Thankfully, you can keep tabs on this "PAC" at the FL Dept. of State website. Lauren Book is actually running as a Democrat. This may the first time in my life I vote Republican!


Committee Tracking System
Leadership for Broward

Type: Political Committee
Status: Active
Address: 101 Northwest 108th Way
Plantation, FL 33324
Phone: (305)360-6422
Chairperson: Lauren Book
Treasurer: Nancy H. Watkins
610 South Boulevard
Tampa, FL 336060000
Registered Agent: Lauren Book
101 Northwest 108th Way
Plantation, FL 333240000

You can use the Dept. of State website to look at the list of contributors. Here are a couple of notables:

2014   M11      11/26/2014    $25,000.00 THE GEO GROUP, INC. (Private Prisons)
2015   M3       03/10/2015     $5,000.00 RAI SERVICES COMPANY  (Big Tobacco)
2015   M7       07/23/2015    $10,000.00 GOLD COAST BEVERAGE, LLC (Beer)
2015   M7       07/30/2015     $1,000.00 TRUTH IN POLITICS, INC. (An "inactive" org has donation funds? Hm)
2015   M9       09/18/2015     $1,000.00 BEER DISTRIBUTOR'S COMMITTEE FOR GOOD GOV'T (the Beer Lobby)
2016   M2       02/11/2016    $25,000.00 THE GEO GROUP, INC. (Again, that makes $50k)

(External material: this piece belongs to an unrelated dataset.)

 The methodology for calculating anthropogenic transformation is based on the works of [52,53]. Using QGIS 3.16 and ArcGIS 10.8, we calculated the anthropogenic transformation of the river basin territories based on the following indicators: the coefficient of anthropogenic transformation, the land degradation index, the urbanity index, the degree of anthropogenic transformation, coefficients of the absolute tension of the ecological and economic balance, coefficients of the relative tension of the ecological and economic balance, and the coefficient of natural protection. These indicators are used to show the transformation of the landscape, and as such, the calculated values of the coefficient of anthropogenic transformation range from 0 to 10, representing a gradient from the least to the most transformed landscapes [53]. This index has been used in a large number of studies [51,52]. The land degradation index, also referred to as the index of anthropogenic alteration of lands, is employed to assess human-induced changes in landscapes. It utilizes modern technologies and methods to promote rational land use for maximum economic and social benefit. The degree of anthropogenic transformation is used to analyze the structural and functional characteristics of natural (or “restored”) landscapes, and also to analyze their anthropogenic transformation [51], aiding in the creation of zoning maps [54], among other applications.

Lauren Book for Senate-- Private prisons, beer and smoking for EVERYONE!

Tuesday, March 8, 2016

There are over 13.400 untested rape kit in FloriDUH. While FL can't find money to pay for the tests...

... Lauren Book still got $3.8 MILLION dollars. The standard rape kit costs between $1000 and $1500 on average. I'd say that would a sizable dent in that backlog, wouldn't you say? That would be between 2500 and 3800 tested kits. Millionare bimbo Lauren Book damn sure does not need the money!

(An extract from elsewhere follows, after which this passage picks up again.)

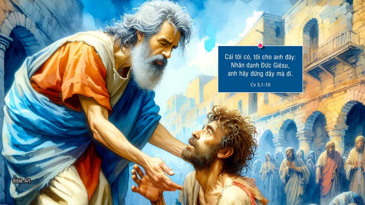 Một hôm, ông Phê-rô và ông Gio-an lên Đền Thờ, vào buổi cầu nguyện giờ thứ chín. Khi ấy, người ta khiêng đến một người què từ khi lọt lòng mẹ. Ngày ngày họ đặt anh ta bên cửa Đền Thờ gọi là Cửa Đẹp, để xin kẻ ra vào Đền Thờ bố thí. Vừa thấy ông Phê-rô và ông Gio-an sắp vào Đền Thờ, anh liền xin bố thí. Ông Phê-rô cùng với ông Gio-an nhìn thẳng vào anh và nói: “Anh nhìn chúng tôi đây!” Anh ta chăm chú nhìn hai ông, tưởng rằng sẽ được cái gì. Bấy giờ ông Phê-rô nói: “Vàng bạc thì tôi không có; nhưng cái tôi có, tôi cho anh đây: nhân danh Đức Giê-su Ki-tô người Na-da-rét, anh đứng dậy mà đi!” Rồi ông nắm chặt lấy tay mặt anh, kéo anh chỗi dậy. Lập tức bàn chân và xương mắt cá của anh trở nên cứng cáp. Anh đứng phắt dậy, đi lại được; rồi cùng với hai ông, anh vào Đền Thờ, vừa đi vừa nhảy nhót và ca tụng Thiên Chúa. Toàn dân thấy anh đi lại và ca tụng Thiên Chúa. Và khi nhận ra anh chính là người vẫn ngồi ăn xin tại Cửa Đẹp Đền Thờ, họ kinh ngạc sững sờ về sự việc mới xảy đến cho anh. Đó là lời Chúa.

More than 13,400 rape kits, including some that could prove critical in the prosecution of sexual assaults, remain untested and sitting on the shelves in Florida police and sheriff's departments, according to a statewide survey released Monday.

Of those, more than 9,400 kits containing possible DNA evidence should be submitted for analysis but have not been, according to the findings of the Florida Department of Law Enforcement.

But hey, why waste millions on rape kits when you can buy a powder blue and hot pink tour bus for millionaires, right?

Sunday, March 6, 2016

It appears Lauren F'ing Book will have a road named after her after all...

..and I'm willing to bet it will be filled with potholes in need of covering up. Much like Lauren's ugly face.


Lauren F. Book Boulevard

The portion of U.S. 1/S.R. 5/N. Federal Highway between S.R. 842/Broward Boulevard and S.R.
838/Sunrise Boulevard in Broward County is designated as “Lauren F. Book Boulevard.”

And by the way, here it is in March, and I have yet to see a SINGLE piece about Lauren's political stance on ANYTHING but her victim industry propaganda. I'm willing to bet the apple hasn't fallen far from the tree that was convicted of illegal campaign contributions in the 1990s.